■ **Assigned task**:
Print the data below exactly as it stands, and keep the pictures out.

■ **Given material**:

● ● ●

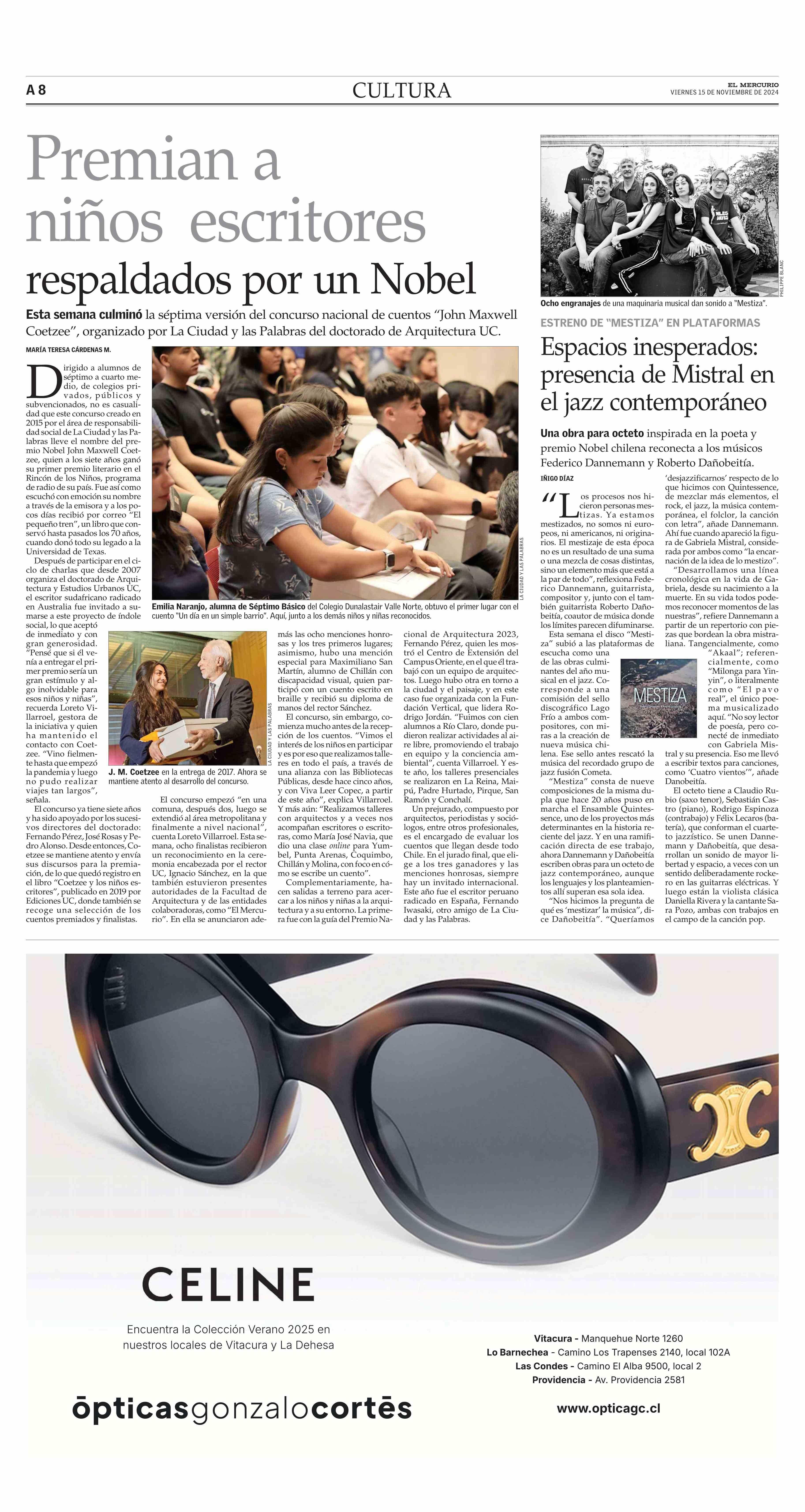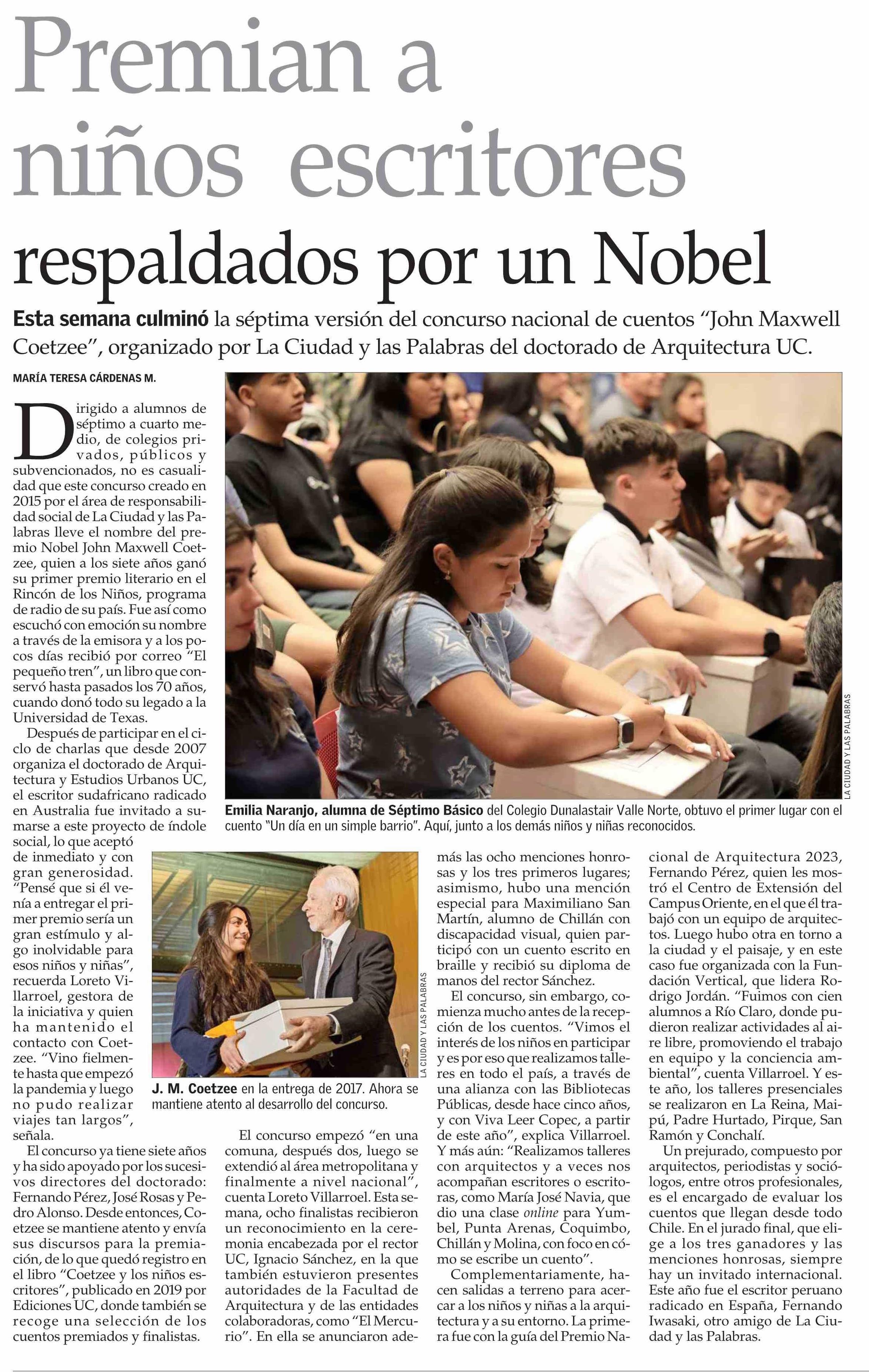Premian a niños escritores respaldados por un Nobel 15-11-2024 El Mercurio |
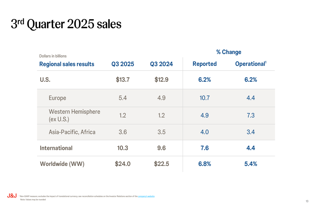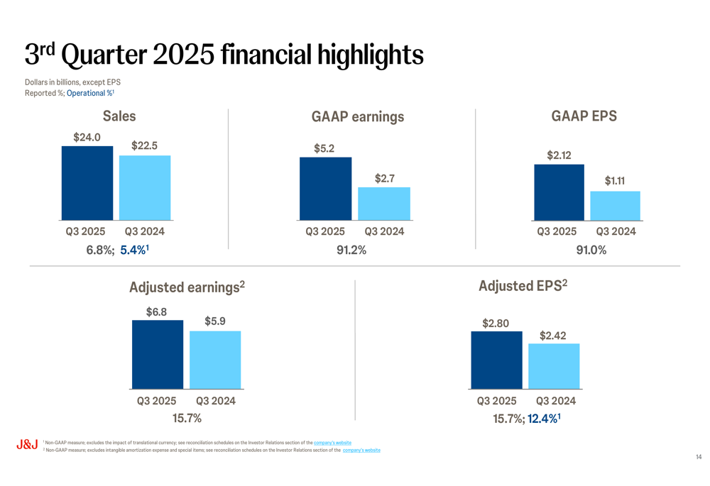 A Johnson & Johnson reportou vendas globais de US$ 24,0 bilhões para o 3º tri 2025, representando um aumento de 6,8% reportado e 5,4% operacional em relação ao ano anterior. O lucro por ação diluído da empresa disparou 91,0% para US$ 2,12, enquanto o LPA diluído ajustado cresceu 15,7% para US$ 2,80, superando as expectativas dos analistas de US$ 2,76.
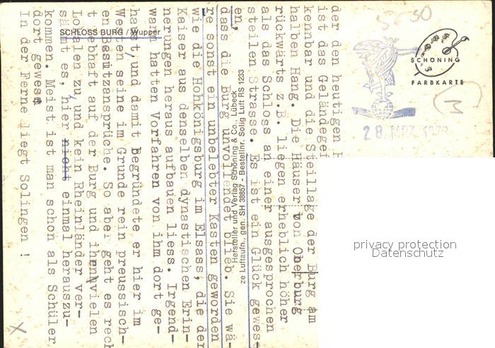 71908727 Schloss Burg Wupper postalisch nicht gelaufen Erhaltung siehe scans KatCode: 11110005122000
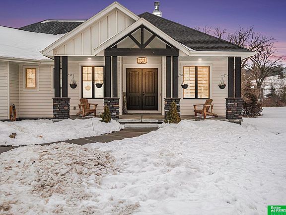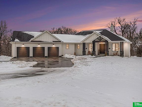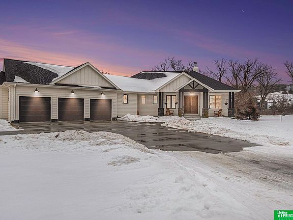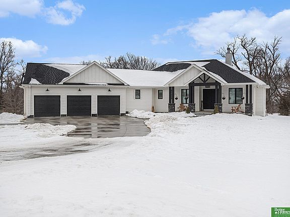 Just a few years young this incredible farmhouse ranch style home is situated on just over 2 acres of land in a highly sought after area! Soaring 9ft ceilings and open floor plan will impress even the pickiest of buyers! With about 4,000 finished square feet there is plenty of room for the family to enjoy or for hosting the next holiday. Large primary suite with a massive, tiled walk-in shower and double rain heads is just one of many great features of this home. 2 other bedrooms on the main floor with Jack and Jill bathroom. Newly finished walkout basement has 2 additional bedrooms, large family room, wet bar, full bathroom, and an additional laundry room! Cozy up to the new wood burning stove in the basement or relax on the newly added back deck that is wired for a hot tub! (hot tub for sale.) Enjoy the peace and quiet of small town living not far from Omaha!!

● ● ●

■ **Finished exercise**:
Premian a niños escritores respaldados por un Nobel 15-11-2024 El Mercurio |
 A Johnson & Johnson reportou vendas globais de US$ 24,0 bilhões para o 3º tri 2025, representando um aumento de 6,8% reportado e 5,4% operacional em relação ao ano anterior. O lucro por ação diluído da empresa disparou 91,0% para US$ 2,12, enquanto o LPA diluído ajustado cresceu 15,7% para US$ 2,80, superando as expectativas dos analistas de US$ 2,76.
 71908727 Schloss Burg Wupper postalisch nicht gelaufen Erhaltung siehe scans KatCode: 11110005122000
 Just a few years young this incredible farmhouse ranch style home is situated on just over 2 acres of land in a highly sought after area! Soaring 9ft ceilings and open floor plan will impress even the pickiest of buyers! With about 4,000 finished square feet there is plenty of room for the family to enjoy or for hosting the next holiday. Large primary suite with a massive, tiled walk-in shower and double rain heads is just one of many great features of this home. 2 other bedrooms on the main floor with Jack and Jill bathroom. Newly finished walkout basement has 2 additional bedrooms, large family room, wet bar, full bathroom, and an additional laundry room! Cozy up to the new wood burning stove in the basement or relax on the newly added back deck that is wired for a hot tub! (hot tub for sale.) Enjoy the peace and quiet of small town living not far from Omaha!!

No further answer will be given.